The Plaza de toros Nuevo Progreso is a bullring in the Mexican city of Guadalajara, Jalisco. It is currently used for bull fighting and also for hosting musical events, and professional wrestling events. The bullring holds 16,561 people and was built in 1966 to 1967.

Architect Jose Manuel Gomez Vazquez Aldana made the executive project and drew up the plans for the new bullring, and this one was built by architects Leopoldo Torres Águila, Manuel Parga, and Gorki Guido Bayardo, and civil engineers Mario Quiñones, Alfonso Ortega Pérez, and Mario Fernández.

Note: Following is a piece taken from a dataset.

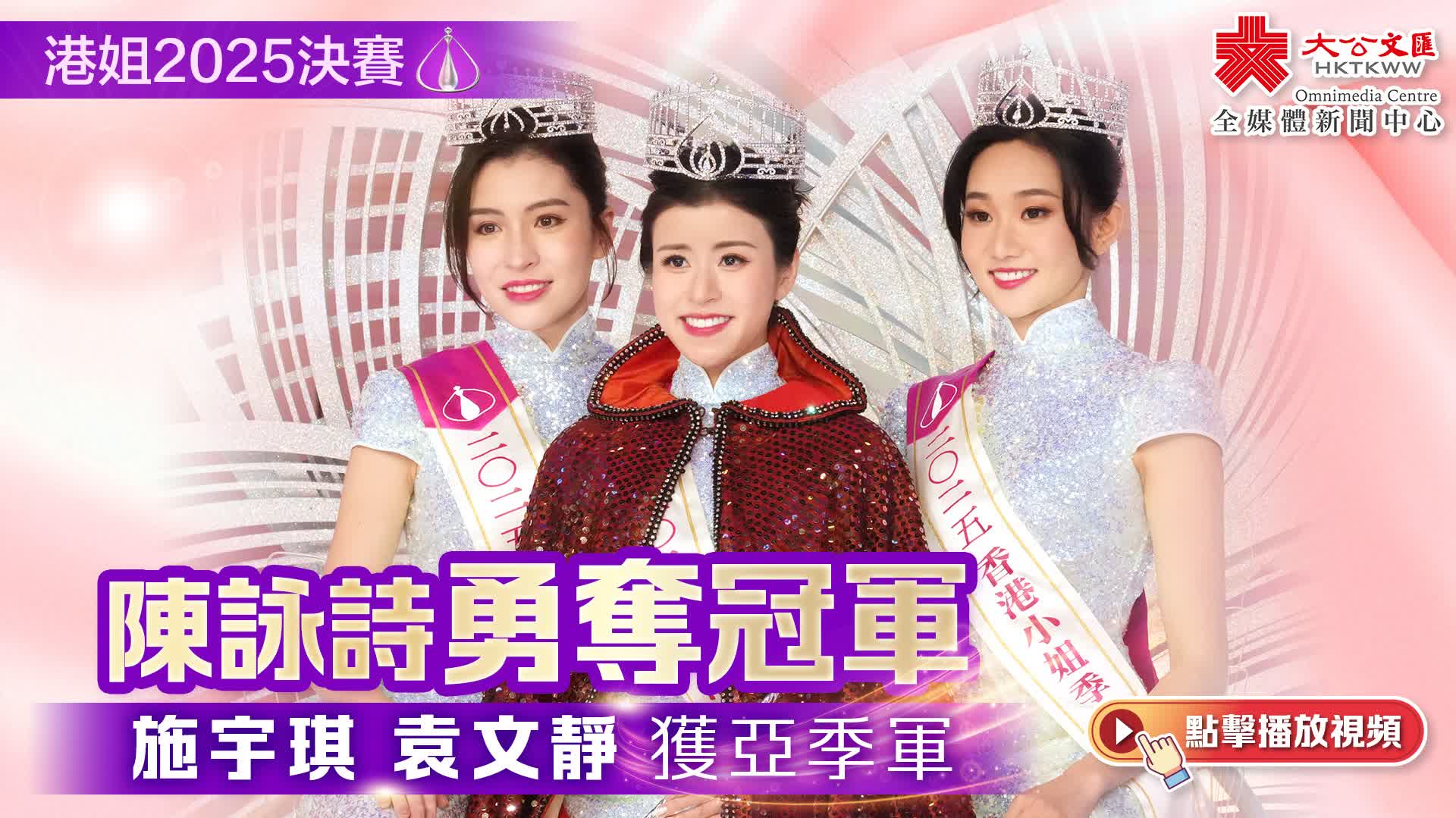 大公文匯全媒體報道,《2025香港小姐競選》今晚(31日)舉行決賽,14名候選佳麗競選冠、亞、季軍,以及最上鏡小姐、友誼小姐等獎項,展現香港女性的智慧與魅力。最終,9號陳詠詩奪得冠軍,7號施宇琪獲得亞軍,13號袁文靜獲季軍。1號李尹嫣當選友誼小姐及最上鏡小姐。

The main promoter and first owner of the plaza was Leodegario Hernández (Arandas, Jalisco, 24 January 1920 - 22 January 1987), a show business promoter and entrepreneur.

The first name of this venue was Plaza Monumental, and was inaugurated on Saturday, 4 February 1967, when six bulls bred in the facilities of cattle breeder José Julián Llaguno, were fought by matadors Joselito Huerta, Raúl Contreras "Finito", and Manolo Martínez.

Leodegario Hernández went through a streak of bad business, and in 1971 he decided to sell the plaza to his competitor, Ignacio García-Aceves.

The bullring was remodeled in 1979 and since that year is called Nuevo Progreso.

Espectáculos Taurinos de México, Sociedad Anónima (ETMSA), a company led by Mexican billionaire Alberto Baillères, is the current owner, since 1990.